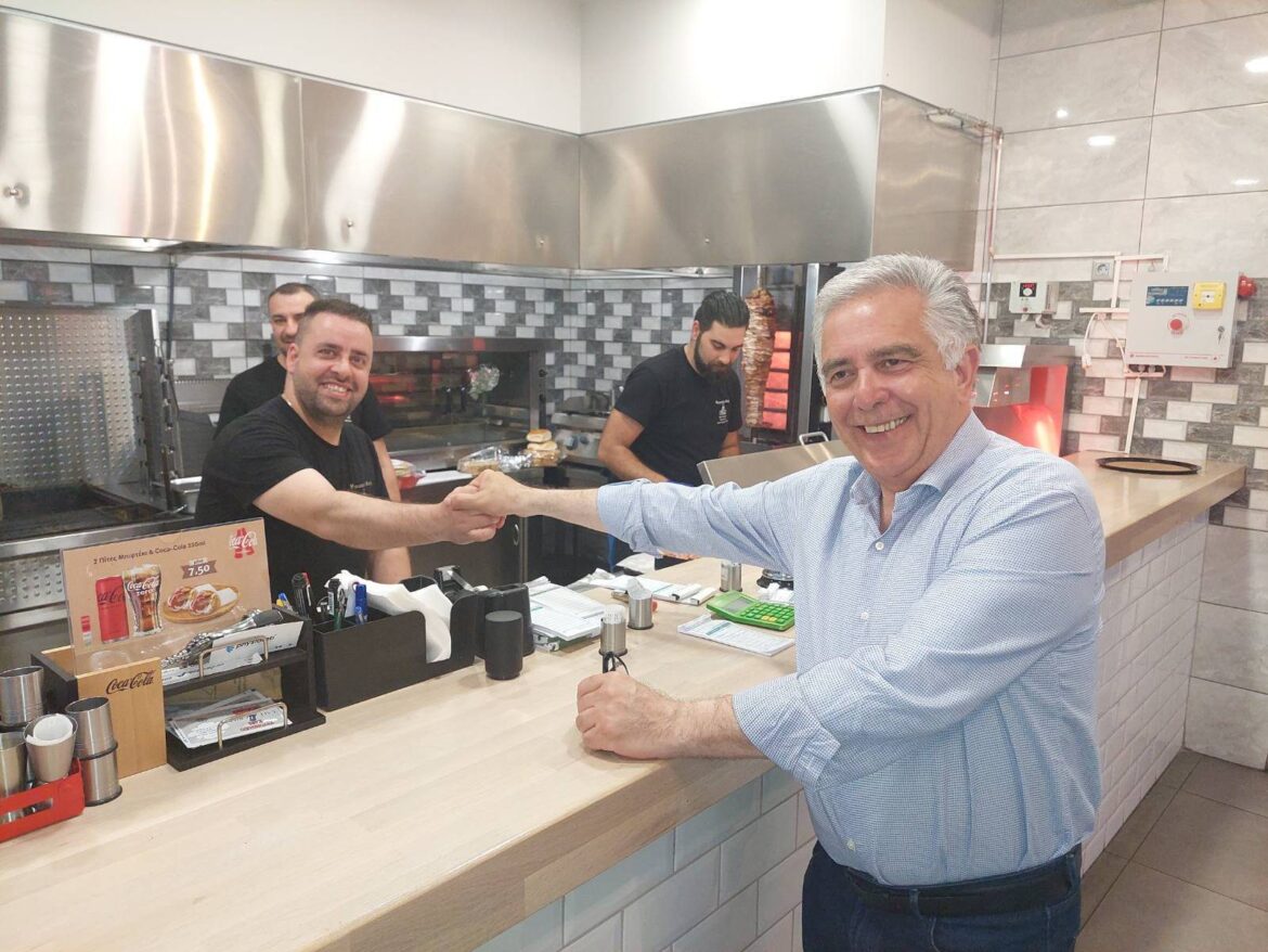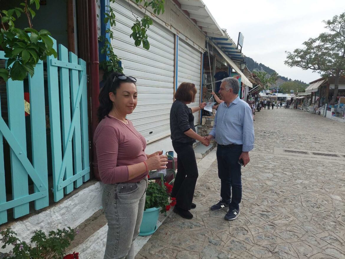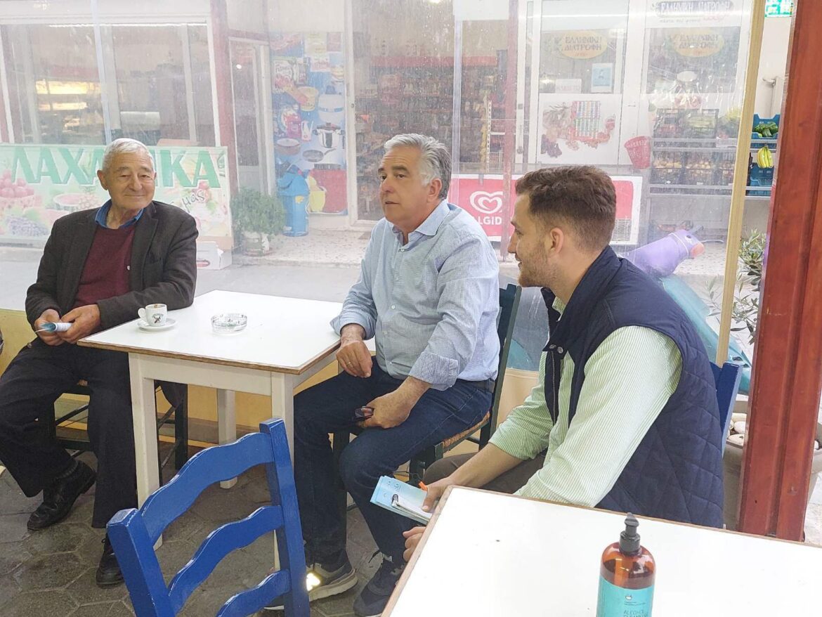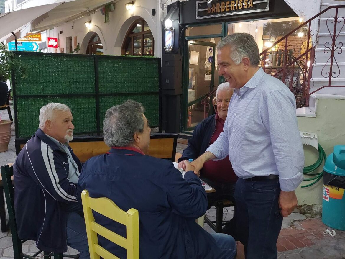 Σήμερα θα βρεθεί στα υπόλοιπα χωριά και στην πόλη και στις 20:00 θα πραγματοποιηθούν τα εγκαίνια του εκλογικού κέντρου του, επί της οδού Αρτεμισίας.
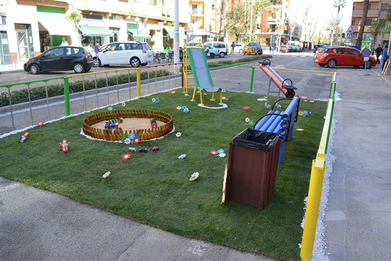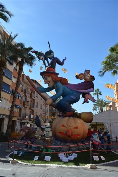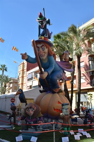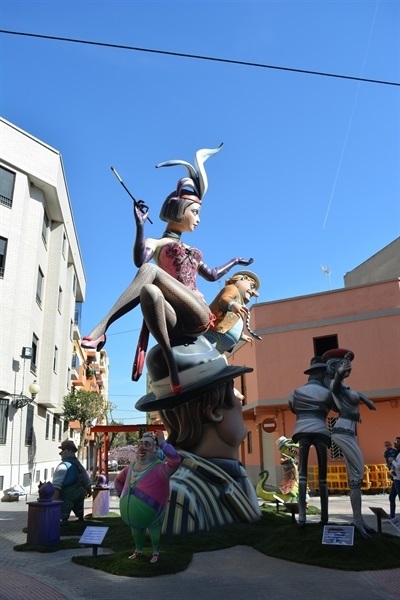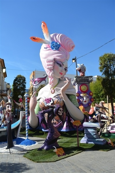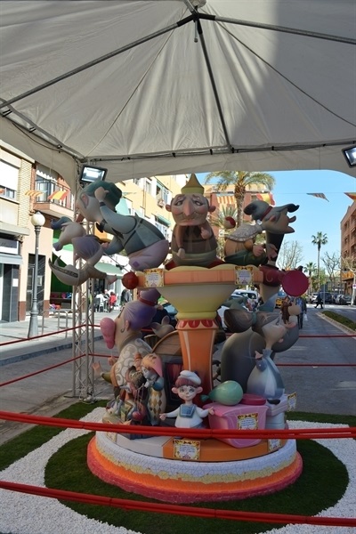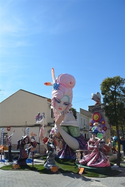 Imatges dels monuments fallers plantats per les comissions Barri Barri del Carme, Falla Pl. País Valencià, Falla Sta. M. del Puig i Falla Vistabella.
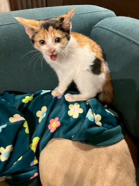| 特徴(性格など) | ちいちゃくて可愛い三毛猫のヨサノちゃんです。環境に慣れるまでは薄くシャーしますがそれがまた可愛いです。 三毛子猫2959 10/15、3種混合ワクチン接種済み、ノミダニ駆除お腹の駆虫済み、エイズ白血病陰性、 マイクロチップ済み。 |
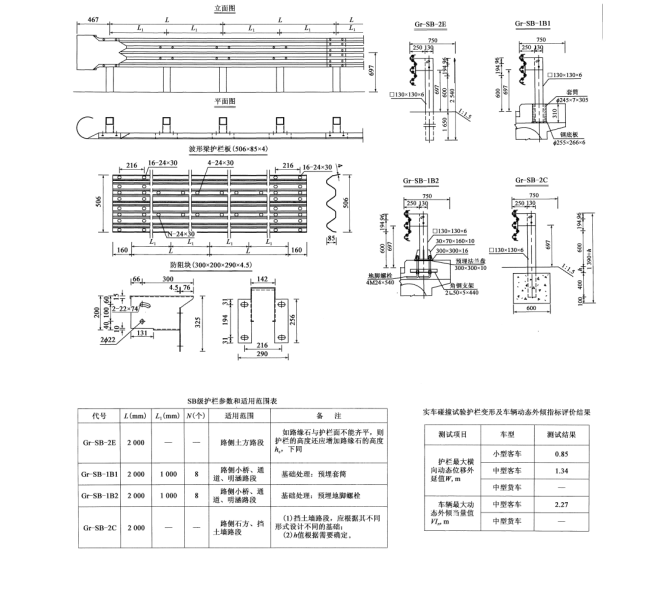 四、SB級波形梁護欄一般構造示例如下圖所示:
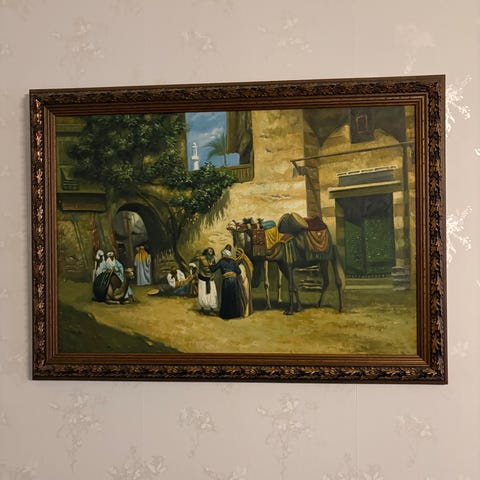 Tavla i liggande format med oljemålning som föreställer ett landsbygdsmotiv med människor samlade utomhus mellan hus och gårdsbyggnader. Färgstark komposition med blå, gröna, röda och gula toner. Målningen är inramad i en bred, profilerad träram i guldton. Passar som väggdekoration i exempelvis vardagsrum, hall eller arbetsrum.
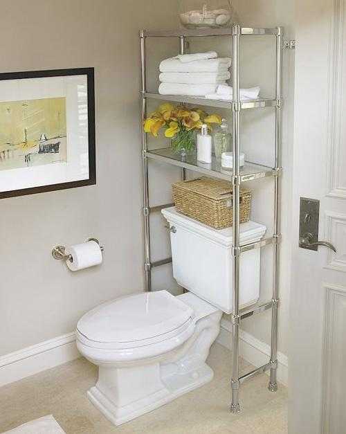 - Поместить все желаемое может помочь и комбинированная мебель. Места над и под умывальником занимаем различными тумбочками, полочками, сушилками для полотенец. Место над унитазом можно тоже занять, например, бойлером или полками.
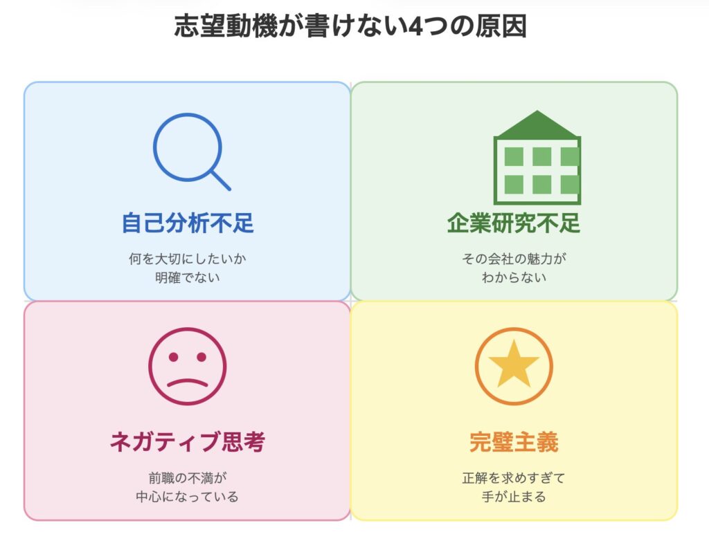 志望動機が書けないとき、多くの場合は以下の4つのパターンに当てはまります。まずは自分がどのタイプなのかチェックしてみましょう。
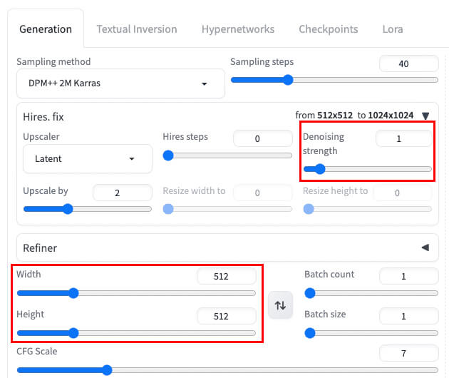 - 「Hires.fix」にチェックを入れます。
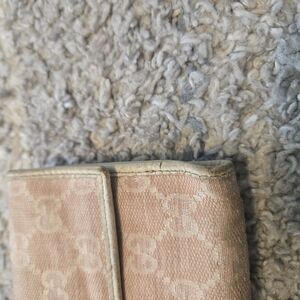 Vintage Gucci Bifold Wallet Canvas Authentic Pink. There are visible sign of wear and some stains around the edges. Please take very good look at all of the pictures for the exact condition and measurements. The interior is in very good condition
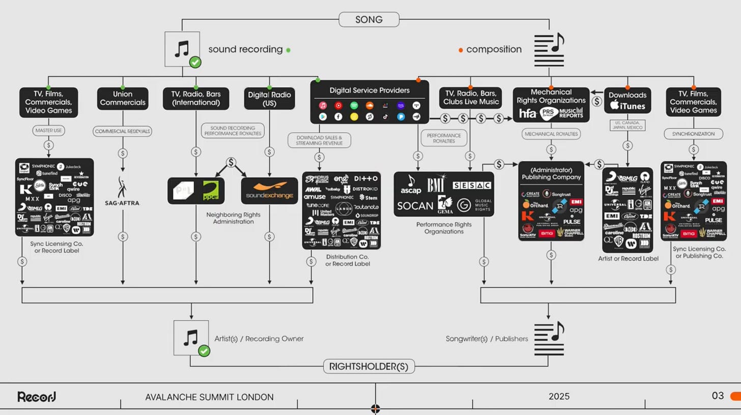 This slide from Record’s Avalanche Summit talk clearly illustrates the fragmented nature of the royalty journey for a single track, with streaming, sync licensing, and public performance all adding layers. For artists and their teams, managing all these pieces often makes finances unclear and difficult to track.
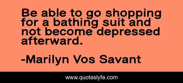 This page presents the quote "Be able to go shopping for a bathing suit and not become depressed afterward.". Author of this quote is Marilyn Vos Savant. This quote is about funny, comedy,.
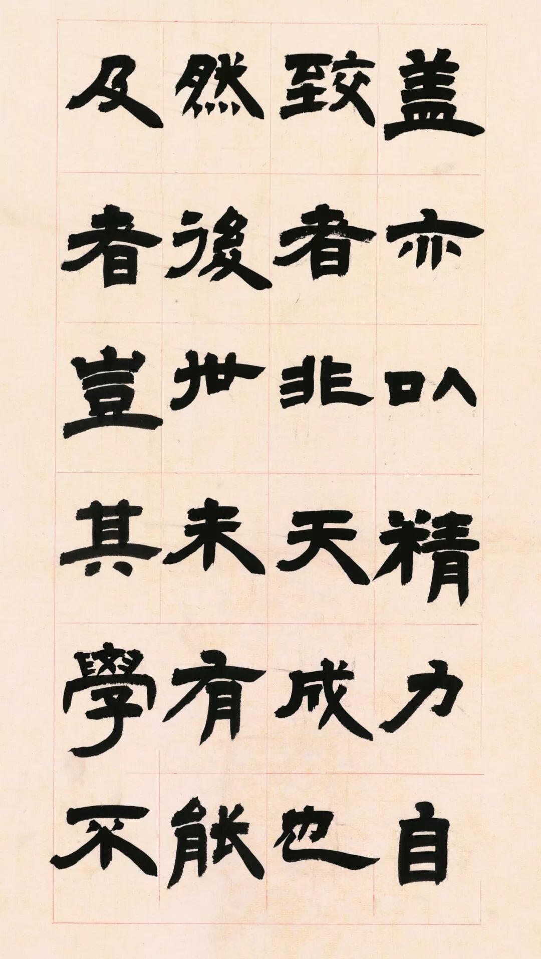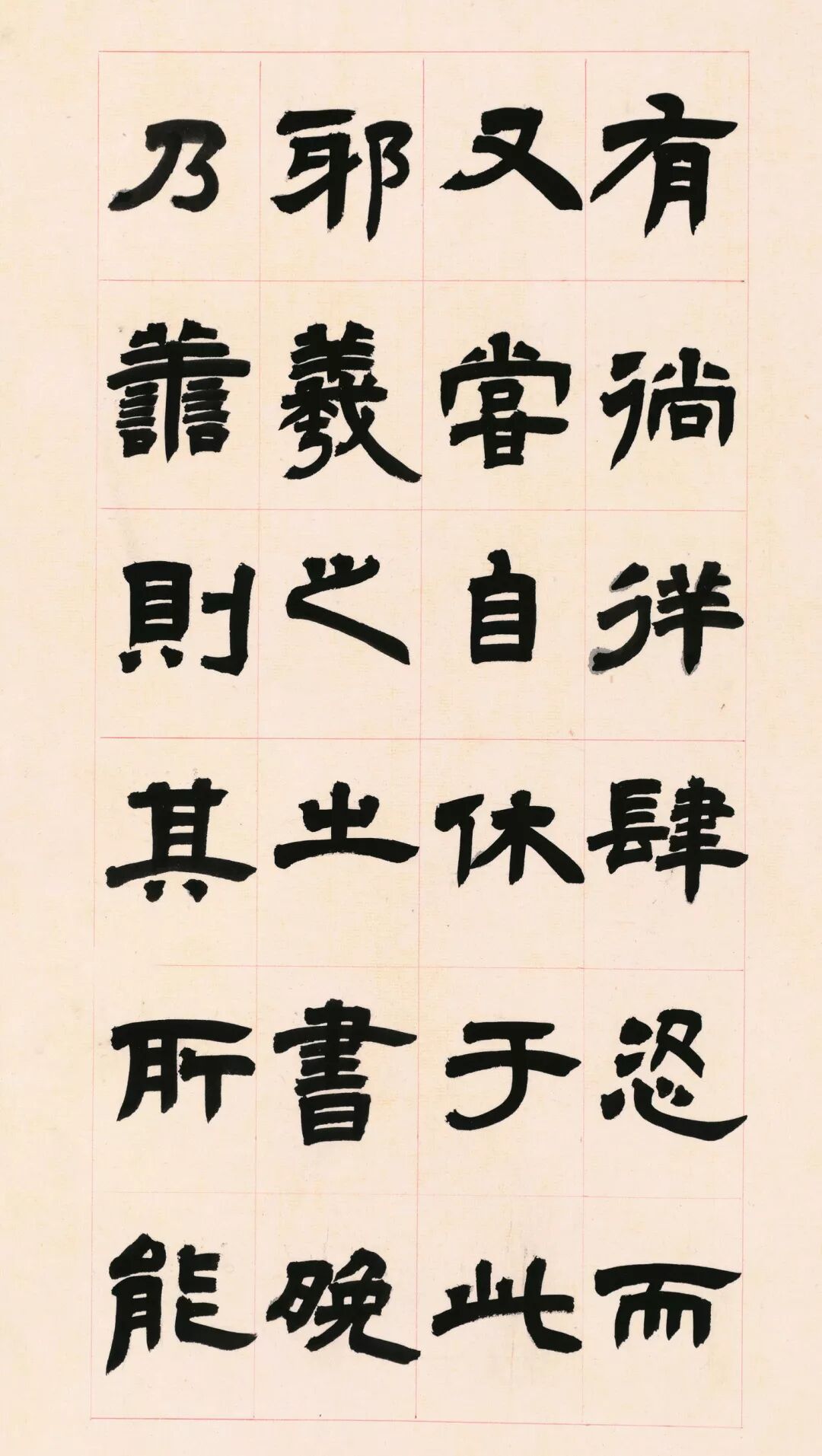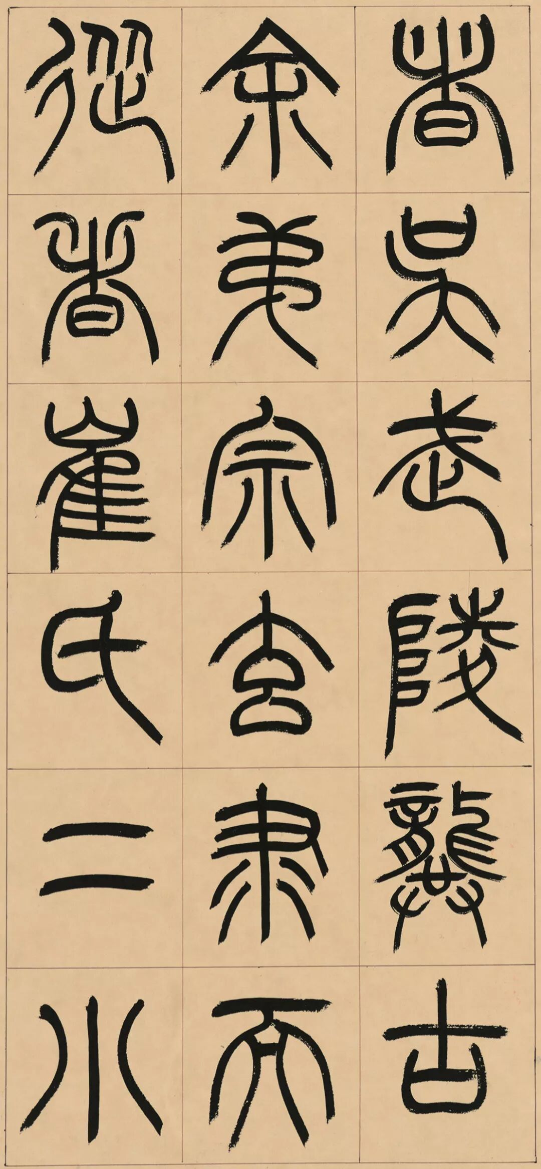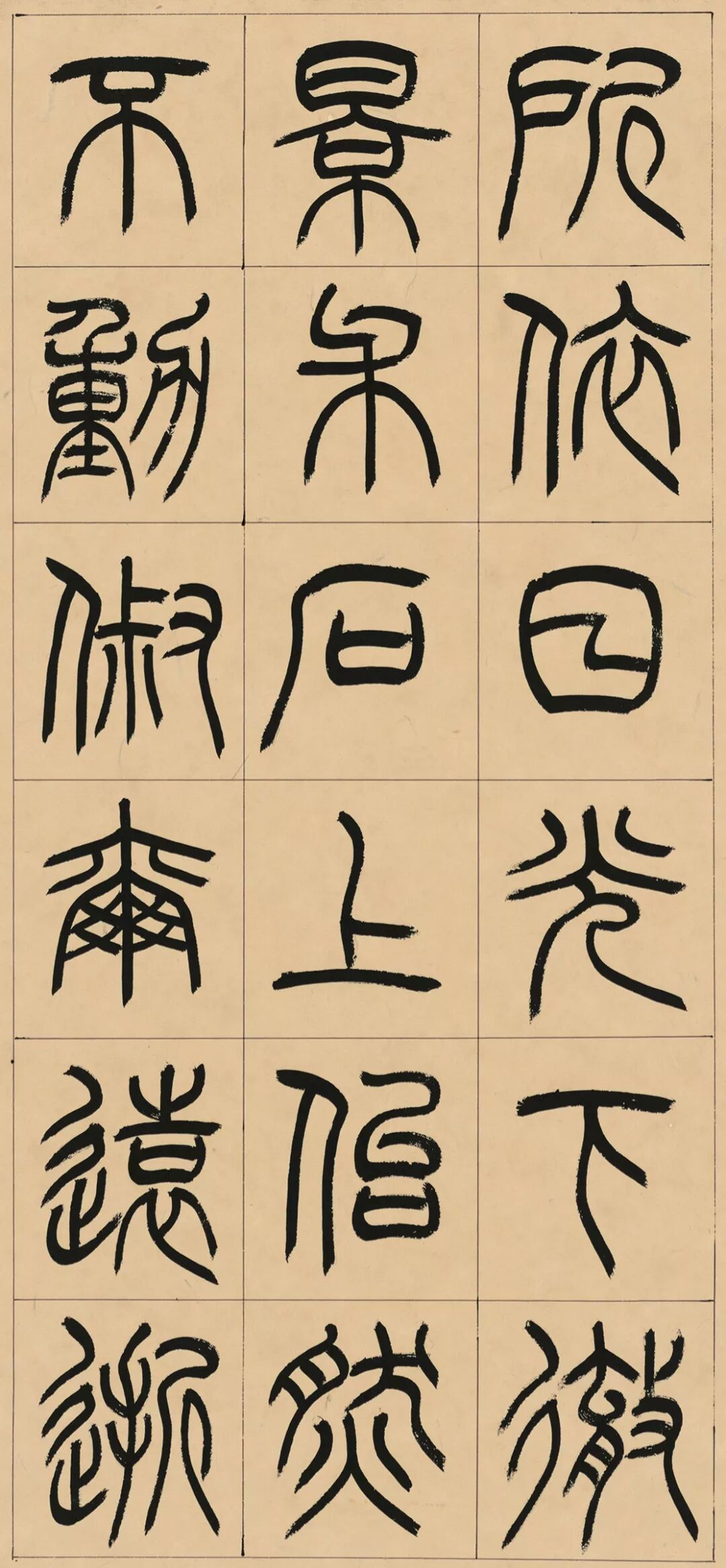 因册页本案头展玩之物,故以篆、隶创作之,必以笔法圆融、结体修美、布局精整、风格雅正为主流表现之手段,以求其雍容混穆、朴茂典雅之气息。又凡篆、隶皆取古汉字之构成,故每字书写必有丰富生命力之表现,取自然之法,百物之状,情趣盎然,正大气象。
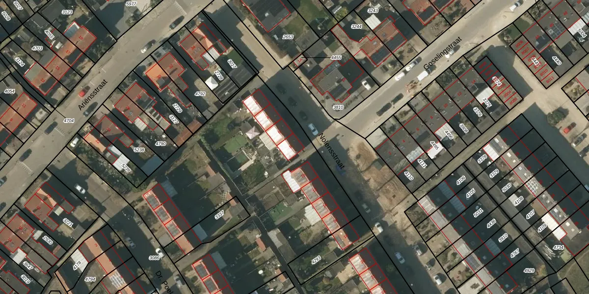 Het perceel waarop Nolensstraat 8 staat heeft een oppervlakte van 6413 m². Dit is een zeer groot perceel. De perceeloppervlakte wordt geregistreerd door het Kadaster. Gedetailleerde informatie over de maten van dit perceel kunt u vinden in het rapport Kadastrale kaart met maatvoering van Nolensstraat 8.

== == ==

▸ PROBLEM DESCRIPTION:
In the data above, the stretch from the line with "This slide from" through the line with "This page presents" is to be returned exactly, minus any pictures.

▸ RESPONSE AREA:
 This slide from Record’s Avalanche Summit talk clearly illustrates the fragmented nature of the royalty journey for a single track, with streaming, sync licensing, and public performance all adding layers. For artists and their teams, managing all these pieces often makes finances unclear and difficult to track.
 This page presents the quote "Be able to go shopping for a bathing suit and not become depressed afterward.". Author of this quote is Marilyn Vos Savant. This quote is about funny, comedy,.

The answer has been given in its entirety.